A limitation of the estimation method is that the variances of the estimated parameters in the model have to be estimated via the bootstrap method. Despite its validity, the bootstrap method is computationally intensive method and may not be desired in practice. Further study is still needed to develop a simple method to estimate the variances of the estimated parameters.

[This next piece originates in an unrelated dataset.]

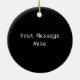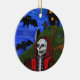 This round ceramic hanging ornament has a grim reaper skeleton in a red hooded cape with a black haunted house and tombstones behind him with bats flying above on a dark blue night sky background. Customize your message on the back with the template.

Comparing to the PHMC model, the AHMC model allows nonproportionality in hazard functions. There are other approaches in the literature to accommodate non-proportionality of hazard functions. However, the AH assumption in the AHMC model is conceptually simple. It may be easier to justify than other approaches, which makes it attractive to practitioners. Together with the proposed semiparametric estimated method, the AHMC model provides a viable alternative way to model survival data with a cure fraction and nonproportional treatment effects.
One referee pointed out that the Gehan-type weight function in (8) is essentially a predictable version of the estimated baseline survival function and it is usually more efficient when used in a model with converging hazard functions, such as the proportional odds model. The referee wonders whether such a weight function will result in efficiency loss when used in a model with diverging hazard functions, such as the AHMC model. We investigated this issue via simulation. In the simulation study, we compared the parameter estimates with the Gehan-type weight function and the estimates with a simple weight function k(u) 1 when data are generated from the AHMC model. We did not notice any obvious efficiency loss with the Gehan-type weight function. However, using k(u) 1 did increase the computing burden as we expected.